Intergranular corrosion of TiNb-microalloyed martensitic stainless steels processed by quenching and partitioning

Abstract

This study investigates the localised corrosion mechanisms in laboratory-processed Q&P-treated martensitic stainless steels. Two steel variants, one NbTi-free (alloy B) and the other micro-alloyed with Nb and Ti (alloy M) were investigated to elucidate the influence of microalloying on corrosion behaviour. Both NbTi-free and NbTi-micro alloyed martensitic stainless steels were examined using a combination of electrochemical methods (potentiodynamic polarisation and double-loop electrochemical potentiokinetic reactivation) and microstructural analysis (Transmission Electron Microscopy and scanning Kelvin probe force microscopy). Potentiodynamic polarisation results showed no significant differences between the alloys and no clear evidence of pitting corrosion. Optical analysis of the specimens showed preferential attack at grain boundaries. Double-loop electrochemical potentiokinetic reactivation measurements revealed a higher degree of sensitisation to intergranular corrosion in the microalloyed steel compared to the NbTi-free variant. Transmission Electron Microscopy showed that intergranular corrosion in both steels originated from chromium depletion zones adjacent to chromium carbides along grain boundaries.

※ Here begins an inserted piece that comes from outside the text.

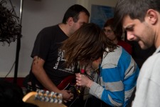 Dann spielen DEER IN THE HEADLIGHTS. Geschrei und Geknüppel. Kommen aus Bosnien. Sind erst kurz vorm Auftritt da. Brauchen ne Ersatzgitarre. Sind ganz gut.
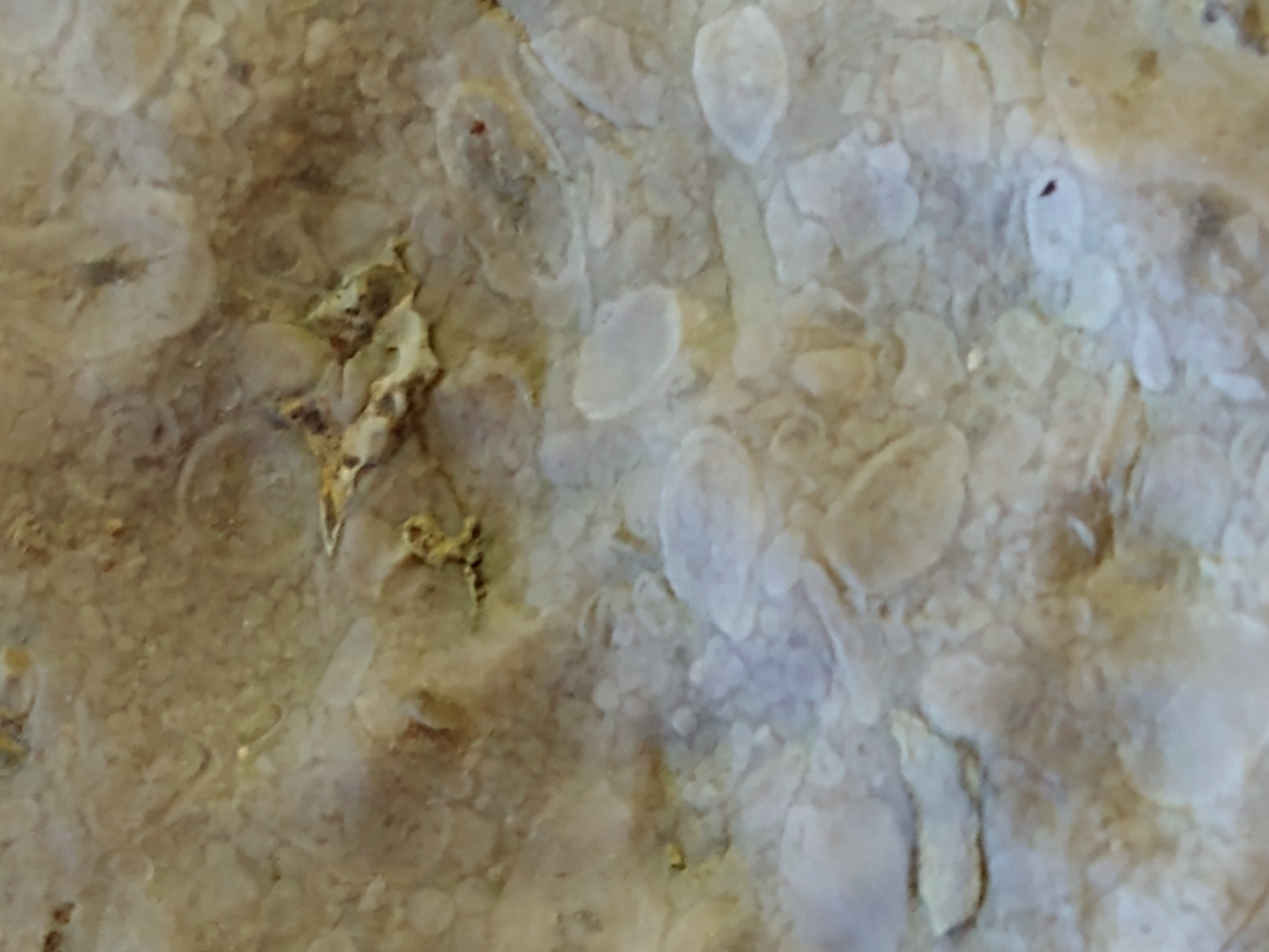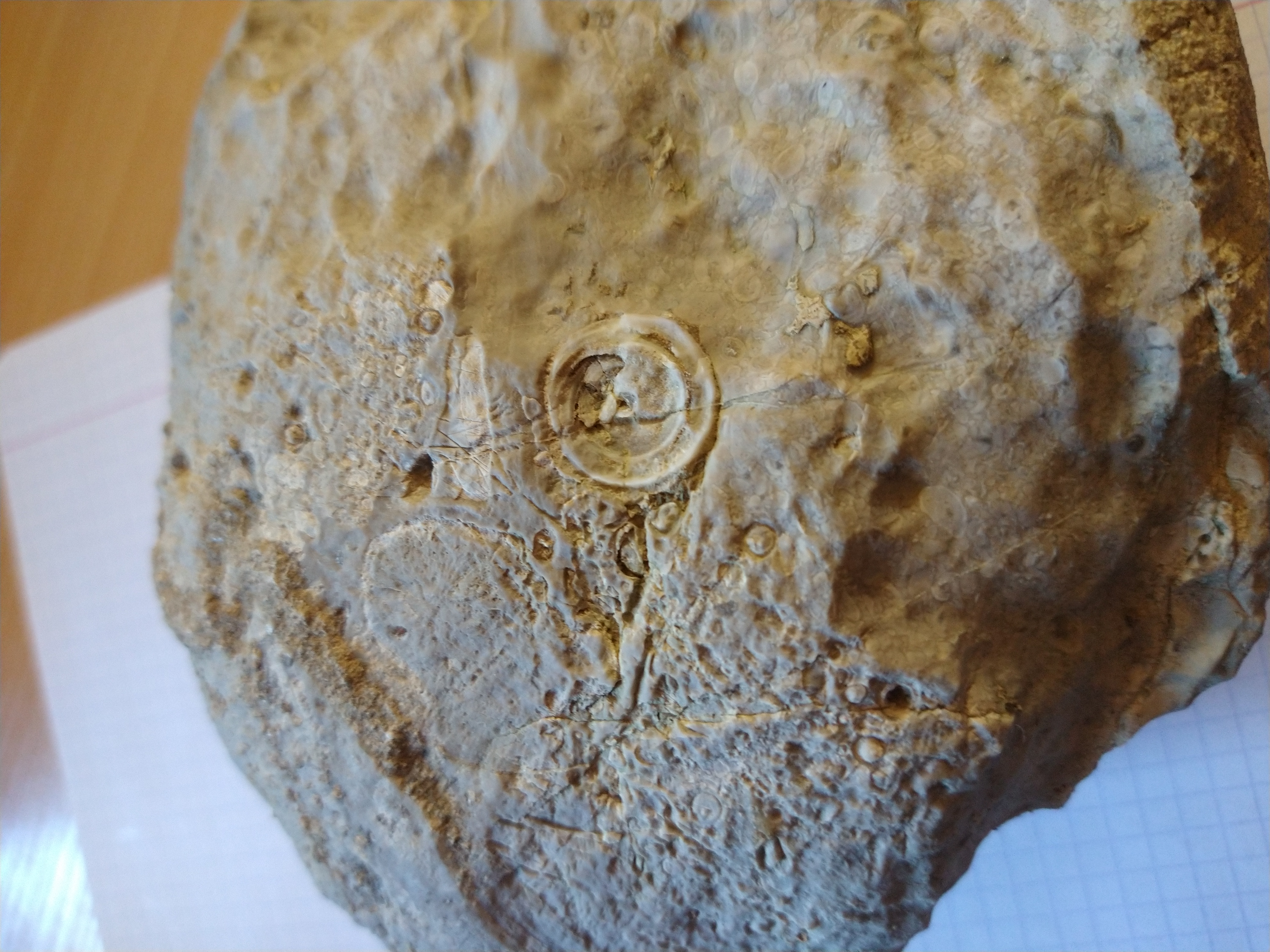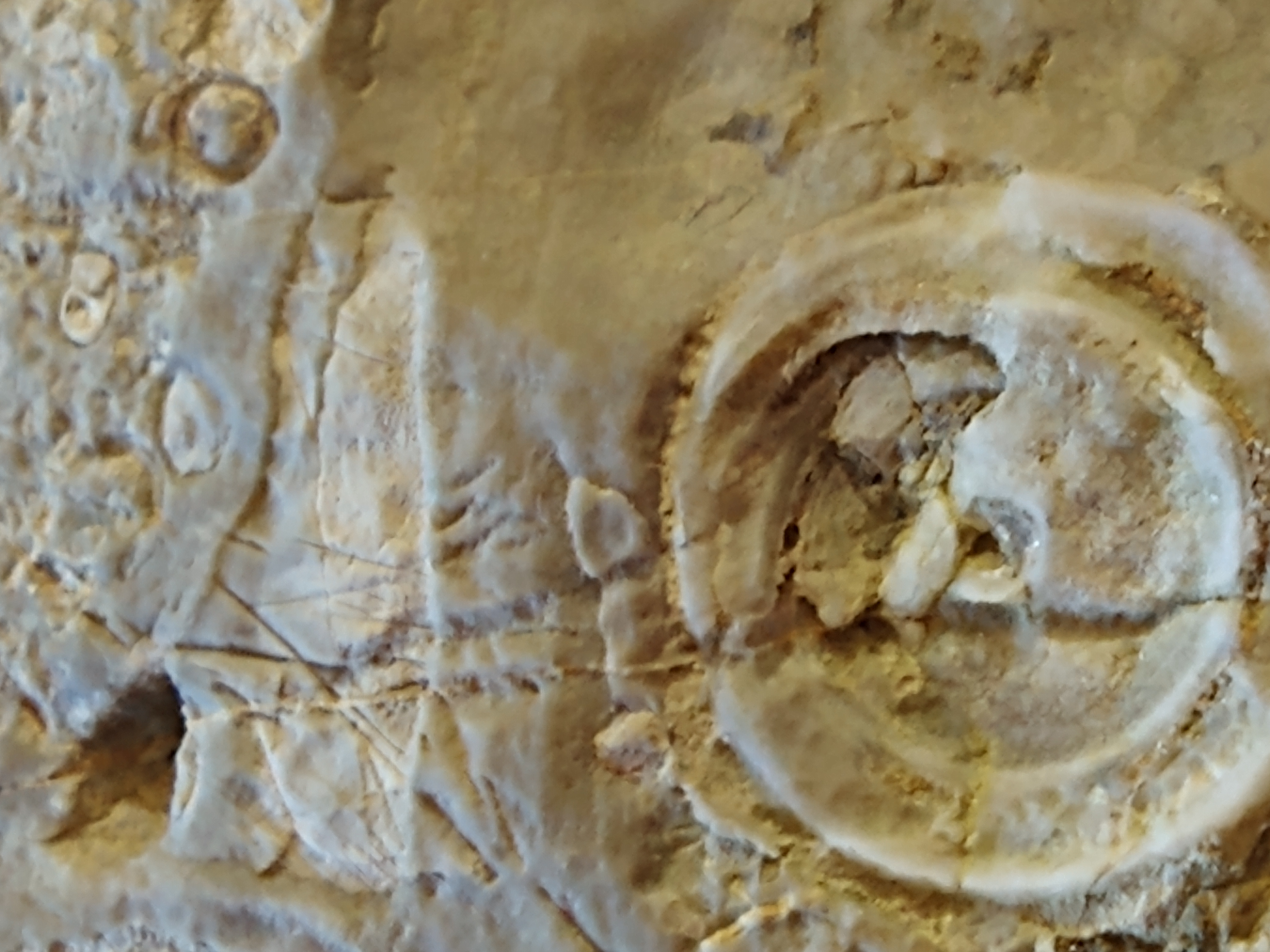 Znalazłem ostatnio na dnie leśnego strumyka piaskowiec z dziwnymi śladami, których nie rozpoznaję. Większą część jego powierzchni pokrywają drobne przeważnie koliste lub owalne struktury ale mnie najbardziej interesują dwa kształty, każdy wyszczególniony na osobnym zdjęciu: koło o średnicy 1,5cm i coś co wygląda jak skorupa mięczaka, długość 2cm

The increased susceptibility in the microalloyed steel was linked to the presence of TiN(Nb) particles. Scanning Kelvin probe force microscopy further revealed variations in surface potential at grain boundary precipitates and depleted zones, emphasising their role in intergranular corrosion initiation. These findings emphasise the critical influence of processing routes on the corrosion mechanisms of Q&P-treated martensitic stainless steel.